# Lake Champlain Charter Wanted



## budbidwell (Jan 2, 2002)

Hi, 

My own sailboat is being re-powered and re-fit over the summer. Consequently I thought it would be nice/different to fill in the downtime by taking my family sailing in beautiful Lake Champlain. 

Ideally, I'd like to find a well kept sailboat in the 32 to 38' range for a 7 day bareboat charter. I'm interested in the August to early September time-frame. 

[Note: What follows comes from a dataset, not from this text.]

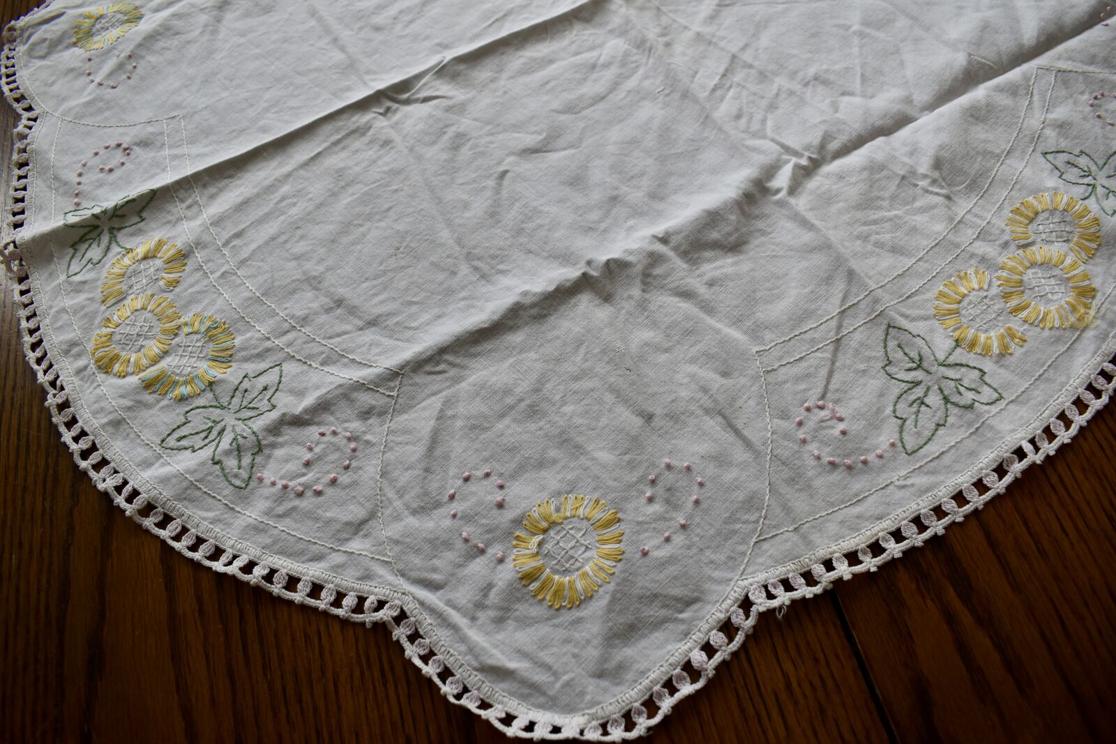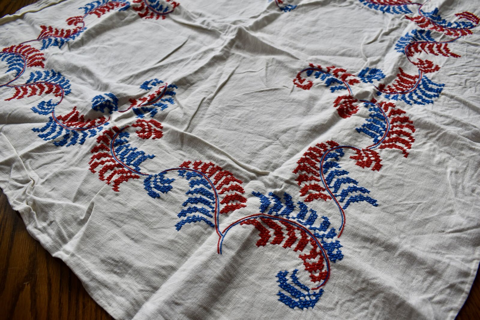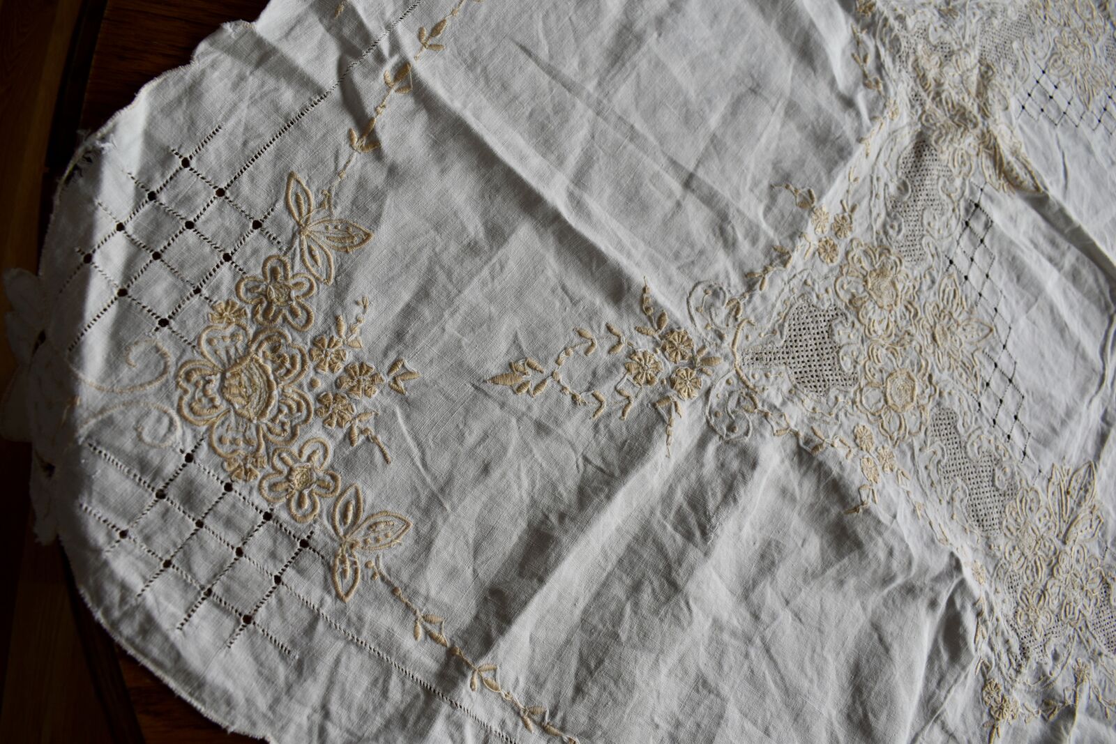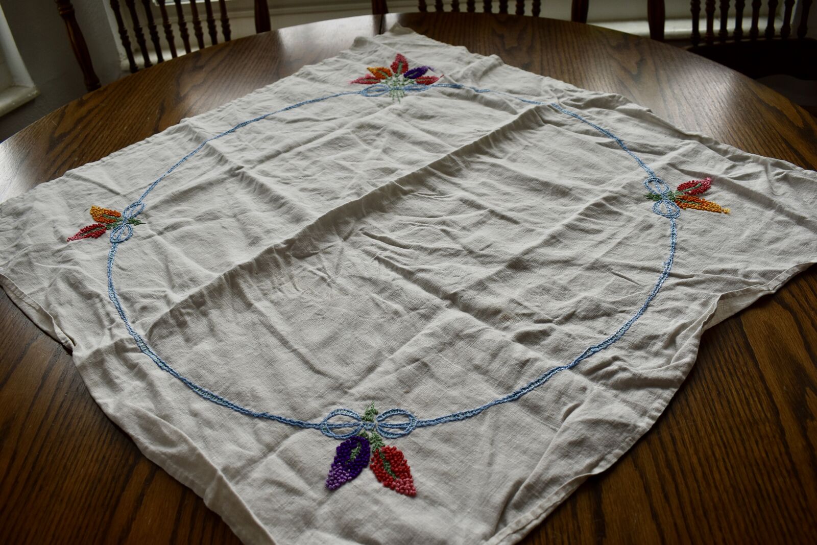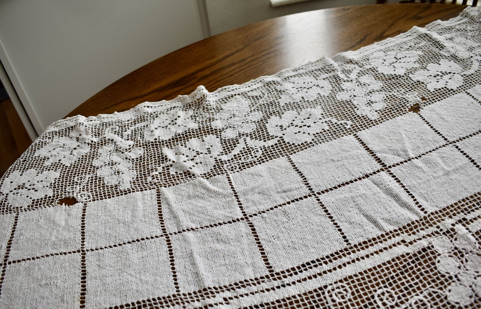IT MEASURES… The Table that these pretty Table Cloth Linens were displayed on for the photos measures approx.48 inches across - ( That may give you a general idea of the size of each one. )

I would really like to ear from anyone that either has or knows of a suitable boat to charter. Any experience or advice about chartering in Lake Champlain would also be greatly appreciated. 

Many thanks in advance, 
Bud


----------



## BarryL (Aug 21, 2003)

Hello,

Sailing Magazine had an article on chartering on Lake Champlain either last month or the month before. I believe the charter company was Winds of Ireland.

Yacht Charters

Good luck,
Barry


----------



## Cruiserwannabe (Jan 28, 2006)

*Bud, try and give these peeps a call, I am not sure if they deal in that type of charter but key words are not sure I had called the re: time share and they have a nice program and were friendly to talk to. lostcoveyachting.com*


----------



## Cruiserwannabe (Jan 28, 2006)

main_page

1-802-264-9088


----------



## southerncross31 (Sep 16, 2006)

I was just there yesterday working on my Pearson 26. What a beautiful place! I am trying to fix it up to sell it but have always wondered about renting it. Sounds like it is to small for you though. I am having a hard time accepting the fact that i won't be able to sail there this summer....I guess Buzzards Bay will have to do for now


----------



## budbidwell (Jan 2, 2002)

*Lake Champlain Charter*

Hi,

Last week I spoke to a very nice gentleman (Pete I think) at Lost Cove. He has created an interesting "time share" approuch to boat ownership. I think I understand his deal as follows:

You buy 14 days of use (1 owner's share) on a new Tarten 3400 for $5,000-. You then try to reserve sailing time on a first come/first serve basis over the course of the season.

I would assume you need to share the "choice" dates among the other owners (there could be up to 14 in total). I would also imagine that getting time in full week increments would be effected by the high demand for weekend use.

If I lived in the area and had the flexibility to use this boat for a few days at a clip, spread over the course of the season, the arrangement could be quite nice, (except I know I would miss the fixing, tinkering, hassle and general pride of boat ownership).

In my case, a one-time 7 day charter deal is really all I need.

Thanks again for your help. 
Bud


----------



## TSOJOURNER (Dec 16, 1999)

Bud:

I have chartered on Lake Champlain for the past 2 years. Last year I used Navtours and I have a Beneteau 311 booked for the first week in August. from them again this year Actually I am setting up a blog on sailing charter vacations but I am still about a week from launch. Navtours is out of Mooney Bay which is just above Plattsburgh, NY. The only other Charter company on the lake that I could find is Winds of Ireland out of Burlington, VT, but I don't have any experience with them.

Send me a private message and I will give you all sorts of info including contact names, boat owners, where to get guides, charts, etc. and a few great places to anchor.

BTW, my wife and I are fairly new to chartering and Lake Champlain is a low stress place to learn. No tides, usually good wind, lots of water, deep, and last year in August we had daytime temps in the 70's and evenings in the high 40's and low 50's. (That said however, the week before our charter, it was abnormally hot).

Hope this helps.

Charlie


----------



## wperdman (Jun 11, 2012)

In early June I confirmed, by walking down to the dock at the bottom of College St in Burlington and asking around, that Winds of Ireland no longer exists or charters. Not sure why their web site is still up.


----------